● **Exercise description**: Write out exactly the lines below that run from the one containing "Modern Red Bow Ribbon Wedding Table Number" through the one containing "全体的にバランス良く強いタイ", both included, with no other lines.

● **Provided information**:
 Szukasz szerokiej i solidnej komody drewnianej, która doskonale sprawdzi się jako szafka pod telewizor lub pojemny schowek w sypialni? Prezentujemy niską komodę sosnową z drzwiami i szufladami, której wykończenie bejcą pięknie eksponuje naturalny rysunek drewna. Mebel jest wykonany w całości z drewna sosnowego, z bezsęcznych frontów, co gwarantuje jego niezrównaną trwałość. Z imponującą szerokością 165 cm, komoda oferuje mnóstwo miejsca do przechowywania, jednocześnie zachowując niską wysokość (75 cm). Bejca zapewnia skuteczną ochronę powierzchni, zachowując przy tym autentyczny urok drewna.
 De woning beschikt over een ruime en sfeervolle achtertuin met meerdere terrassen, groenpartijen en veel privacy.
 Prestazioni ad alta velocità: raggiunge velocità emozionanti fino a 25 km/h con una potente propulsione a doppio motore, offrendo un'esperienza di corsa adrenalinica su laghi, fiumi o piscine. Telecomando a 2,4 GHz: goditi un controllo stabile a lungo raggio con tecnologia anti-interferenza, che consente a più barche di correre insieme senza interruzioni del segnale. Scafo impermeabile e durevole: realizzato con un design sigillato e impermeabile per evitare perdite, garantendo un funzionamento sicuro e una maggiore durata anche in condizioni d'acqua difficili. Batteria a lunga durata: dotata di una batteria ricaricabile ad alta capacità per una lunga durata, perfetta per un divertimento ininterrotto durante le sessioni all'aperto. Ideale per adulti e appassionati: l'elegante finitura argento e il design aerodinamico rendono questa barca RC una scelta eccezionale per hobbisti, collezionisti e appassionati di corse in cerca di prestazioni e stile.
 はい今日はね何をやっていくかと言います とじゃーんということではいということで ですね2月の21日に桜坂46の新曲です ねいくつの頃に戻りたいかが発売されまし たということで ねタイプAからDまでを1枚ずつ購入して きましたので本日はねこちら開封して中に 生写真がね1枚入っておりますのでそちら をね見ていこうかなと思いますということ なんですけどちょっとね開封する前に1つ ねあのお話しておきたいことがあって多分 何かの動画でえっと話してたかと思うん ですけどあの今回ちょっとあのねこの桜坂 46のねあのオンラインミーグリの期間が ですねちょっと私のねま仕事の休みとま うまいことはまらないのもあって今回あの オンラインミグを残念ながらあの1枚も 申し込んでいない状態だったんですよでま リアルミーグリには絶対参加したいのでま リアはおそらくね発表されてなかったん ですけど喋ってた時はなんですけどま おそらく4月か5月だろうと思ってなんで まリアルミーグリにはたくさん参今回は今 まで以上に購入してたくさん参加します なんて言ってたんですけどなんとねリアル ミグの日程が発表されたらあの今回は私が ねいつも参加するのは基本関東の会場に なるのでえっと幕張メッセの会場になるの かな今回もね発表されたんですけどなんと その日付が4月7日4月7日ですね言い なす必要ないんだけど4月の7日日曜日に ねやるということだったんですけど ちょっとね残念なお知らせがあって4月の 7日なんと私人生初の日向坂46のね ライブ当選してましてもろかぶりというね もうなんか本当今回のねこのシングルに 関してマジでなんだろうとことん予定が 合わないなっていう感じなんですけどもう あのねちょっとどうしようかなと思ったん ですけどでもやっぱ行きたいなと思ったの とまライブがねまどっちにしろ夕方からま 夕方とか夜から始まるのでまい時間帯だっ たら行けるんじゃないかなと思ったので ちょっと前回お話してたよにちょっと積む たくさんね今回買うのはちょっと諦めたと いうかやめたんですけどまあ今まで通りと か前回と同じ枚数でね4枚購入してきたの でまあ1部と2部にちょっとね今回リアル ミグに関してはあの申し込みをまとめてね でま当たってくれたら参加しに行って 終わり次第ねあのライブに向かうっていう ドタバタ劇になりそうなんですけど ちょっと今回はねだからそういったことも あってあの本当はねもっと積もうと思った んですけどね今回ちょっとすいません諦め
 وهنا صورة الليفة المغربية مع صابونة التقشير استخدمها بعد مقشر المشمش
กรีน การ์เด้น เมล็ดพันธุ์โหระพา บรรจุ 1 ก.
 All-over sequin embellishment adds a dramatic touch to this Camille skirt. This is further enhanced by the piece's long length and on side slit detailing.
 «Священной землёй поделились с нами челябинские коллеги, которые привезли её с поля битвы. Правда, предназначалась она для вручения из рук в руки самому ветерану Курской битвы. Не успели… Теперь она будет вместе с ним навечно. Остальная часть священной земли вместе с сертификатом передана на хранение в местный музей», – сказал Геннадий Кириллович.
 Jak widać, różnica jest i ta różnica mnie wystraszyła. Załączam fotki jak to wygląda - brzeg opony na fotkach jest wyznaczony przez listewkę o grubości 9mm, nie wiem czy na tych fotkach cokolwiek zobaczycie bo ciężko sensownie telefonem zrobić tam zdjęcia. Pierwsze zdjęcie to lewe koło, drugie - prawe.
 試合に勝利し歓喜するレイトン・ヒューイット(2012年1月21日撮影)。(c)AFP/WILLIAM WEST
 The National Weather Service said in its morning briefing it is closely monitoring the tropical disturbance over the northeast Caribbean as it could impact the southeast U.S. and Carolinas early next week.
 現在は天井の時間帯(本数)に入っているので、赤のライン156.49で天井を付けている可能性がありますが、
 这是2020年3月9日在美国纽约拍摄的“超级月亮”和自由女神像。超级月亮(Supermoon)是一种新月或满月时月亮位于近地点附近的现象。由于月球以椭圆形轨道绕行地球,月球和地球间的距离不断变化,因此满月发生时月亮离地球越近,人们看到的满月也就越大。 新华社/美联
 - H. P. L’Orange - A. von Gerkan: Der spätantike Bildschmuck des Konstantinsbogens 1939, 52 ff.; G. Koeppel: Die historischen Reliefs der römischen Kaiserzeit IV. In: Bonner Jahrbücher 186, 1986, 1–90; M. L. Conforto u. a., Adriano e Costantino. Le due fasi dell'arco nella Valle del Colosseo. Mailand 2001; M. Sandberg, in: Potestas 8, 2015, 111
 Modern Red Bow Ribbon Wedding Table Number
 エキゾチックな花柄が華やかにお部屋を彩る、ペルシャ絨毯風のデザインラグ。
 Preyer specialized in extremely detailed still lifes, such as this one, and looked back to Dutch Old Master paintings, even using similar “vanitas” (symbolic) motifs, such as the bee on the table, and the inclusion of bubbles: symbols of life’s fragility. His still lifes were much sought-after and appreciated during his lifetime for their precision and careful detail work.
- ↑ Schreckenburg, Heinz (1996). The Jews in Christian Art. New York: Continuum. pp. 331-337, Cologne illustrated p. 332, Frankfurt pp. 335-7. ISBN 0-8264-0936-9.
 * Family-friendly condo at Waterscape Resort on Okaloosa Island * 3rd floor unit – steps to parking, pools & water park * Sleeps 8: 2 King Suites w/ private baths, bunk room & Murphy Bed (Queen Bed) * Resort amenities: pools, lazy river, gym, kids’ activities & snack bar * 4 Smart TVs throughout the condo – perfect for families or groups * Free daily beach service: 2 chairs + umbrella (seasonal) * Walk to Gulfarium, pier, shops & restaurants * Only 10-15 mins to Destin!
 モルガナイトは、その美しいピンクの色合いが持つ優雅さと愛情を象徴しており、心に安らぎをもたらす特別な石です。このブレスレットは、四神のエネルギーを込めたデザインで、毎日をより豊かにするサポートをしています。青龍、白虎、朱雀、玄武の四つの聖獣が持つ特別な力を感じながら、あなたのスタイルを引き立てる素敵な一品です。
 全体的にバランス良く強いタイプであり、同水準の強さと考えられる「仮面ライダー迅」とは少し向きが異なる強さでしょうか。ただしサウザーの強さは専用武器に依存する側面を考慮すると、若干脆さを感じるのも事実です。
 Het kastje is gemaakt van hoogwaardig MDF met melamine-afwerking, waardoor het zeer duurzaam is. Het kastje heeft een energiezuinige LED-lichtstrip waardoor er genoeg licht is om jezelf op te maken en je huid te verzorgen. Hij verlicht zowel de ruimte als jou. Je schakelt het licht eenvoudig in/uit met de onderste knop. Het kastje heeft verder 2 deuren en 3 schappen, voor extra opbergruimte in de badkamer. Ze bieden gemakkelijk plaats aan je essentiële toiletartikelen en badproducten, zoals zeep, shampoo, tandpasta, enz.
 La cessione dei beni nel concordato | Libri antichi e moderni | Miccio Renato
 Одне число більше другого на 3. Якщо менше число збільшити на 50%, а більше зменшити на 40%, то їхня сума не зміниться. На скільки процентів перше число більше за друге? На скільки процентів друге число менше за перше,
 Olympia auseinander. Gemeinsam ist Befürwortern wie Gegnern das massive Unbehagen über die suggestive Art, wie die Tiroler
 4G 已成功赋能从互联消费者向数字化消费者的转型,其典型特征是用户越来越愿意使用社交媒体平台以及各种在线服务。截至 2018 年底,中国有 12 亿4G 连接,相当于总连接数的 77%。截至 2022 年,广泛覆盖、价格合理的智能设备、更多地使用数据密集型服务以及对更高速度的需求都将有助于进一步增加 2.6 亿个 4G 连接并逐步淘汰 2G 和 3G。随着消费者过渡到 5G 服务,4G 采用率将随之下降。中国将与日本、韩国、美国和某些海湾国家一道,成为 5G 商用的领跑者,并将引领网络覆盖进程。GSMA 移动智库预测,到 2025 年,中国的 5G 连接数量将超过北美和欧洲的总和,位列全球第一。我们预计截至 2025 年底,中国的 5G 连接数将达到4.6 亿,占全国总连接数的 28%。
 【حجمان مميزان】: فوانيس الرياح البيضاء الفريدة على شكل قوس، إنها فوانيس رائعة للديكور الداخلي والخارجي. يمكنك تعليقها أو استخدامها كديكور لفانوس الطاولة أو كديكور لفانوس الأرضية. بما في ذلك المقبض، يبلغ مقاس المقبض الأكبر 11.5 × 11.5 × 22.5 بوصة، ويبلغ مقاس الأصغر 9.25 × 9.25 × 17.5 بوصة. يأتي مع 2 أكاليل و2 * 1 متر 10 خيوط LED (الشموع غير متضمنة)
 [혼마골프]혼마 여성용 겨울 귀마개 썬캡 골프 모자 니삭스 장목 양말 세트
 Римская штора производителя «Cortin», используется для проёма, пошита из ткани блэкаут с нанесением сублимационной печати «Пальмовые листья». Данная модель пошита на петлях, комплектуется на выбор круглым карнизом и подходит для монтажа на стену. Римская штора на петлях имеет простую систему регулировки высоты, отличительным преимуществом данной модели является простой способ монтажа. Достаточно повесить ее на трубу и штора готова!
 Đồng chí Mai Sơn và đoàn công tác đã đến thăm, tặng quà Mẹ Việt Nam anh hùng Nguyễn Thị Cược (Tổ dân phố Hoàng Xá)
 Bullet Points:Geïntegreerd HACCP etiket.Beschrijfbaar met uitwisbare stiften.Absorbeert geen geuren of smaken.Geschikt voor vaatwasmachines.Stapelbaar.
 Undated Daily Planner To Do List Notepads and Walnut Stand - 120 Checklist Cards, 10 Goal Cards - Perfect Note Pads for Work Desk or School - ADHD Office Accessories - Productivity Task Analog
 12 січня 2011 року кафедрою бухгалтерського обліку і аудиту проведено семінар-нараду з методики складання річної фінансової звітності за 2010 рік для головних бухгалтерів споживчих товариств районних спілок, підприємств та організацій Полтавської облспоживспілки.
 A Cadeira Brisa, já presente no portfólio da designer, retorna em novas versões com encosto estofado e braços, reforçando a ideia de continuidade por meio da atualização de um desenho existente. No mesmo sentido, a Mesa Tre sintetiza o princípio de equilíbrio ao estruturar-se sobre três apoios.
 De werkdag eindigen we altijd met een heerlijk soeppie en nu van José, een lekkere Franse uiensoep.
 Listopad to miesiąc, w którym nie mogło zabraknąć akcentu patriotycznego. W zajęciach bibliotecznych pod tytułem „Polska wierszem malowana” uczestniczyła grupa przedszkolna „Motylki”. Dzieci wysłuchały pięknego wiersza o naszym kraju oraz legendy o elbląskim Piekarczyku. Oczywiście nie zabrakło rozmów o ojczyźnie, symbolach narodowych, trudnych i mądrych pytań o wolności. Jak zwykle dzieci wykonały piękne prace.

● **Exercise output**:
 Modern Red Bow Ribbon Wedding Table Number
 エキゾチックな花柄が華やかにお部屋を彩る、ペルシャ絨毯風のデザインラグ。
 Preyer specialized in extremely detailed still lifes, such as this one, and looked back to Dutch Old Master paintings, even using similar “vanitas” (symbolic) motifs, such as the bee on the table, and the inclusion of bubbles: symbols of life’s fragility. His still lifes were much sought-after and appreciated during his lifetime for their precision and careful detail work.
- ↑ Schreckenburg, Heinz (1996). The Jews in Christian Art. New York: Continuum. pp. 331-337, Cologne illustrated p. 332, Frankfurt pp. 335-7. ISBN 0-8264-0936-9.
 * Family-friendly condo at Waterscape Resort on Okaloosa Island * 3rd floor unit – steps to parking, pools & water park * Sleeps 8: 2 King Suites w/ private baths, bunk room & Murphy Bed (Queen Bed) * Resort amenities: pools, lazy river, gym, kids’ activities & snack bar * 4 Smart TVs throughout the condo – perfect for families or groups * Free daily beach service: 2 chairs + umbrella (seasonal) * Walk to Gulfarium, pier, shops & restaurants * Only 10-15 mins to Destin!
 モルガナイトは、その美しいピンクの色合いが持つ優雅さと愛情を象徴しており、心に安らぎをもたらす特別な石です。このブレスレットは、四神のエネルギーを込めたデザインで、毎日をより豊かにするサポートをしています。青龍、白虎、朱雀、玄武の四つの聖獣が持つ特別な力を感じながら、あなたのスタイルを引き立てる素敵な一品です。
 全体的にバランス良く強いタイプであり、同水準の強さと考えられる「仮面ライダー迅」とは少し向きが異なる強さでしょうか。ただしサウザーの強さは専用武器に依存する側面を考慮すると、若干脆さを感じるのも事実です。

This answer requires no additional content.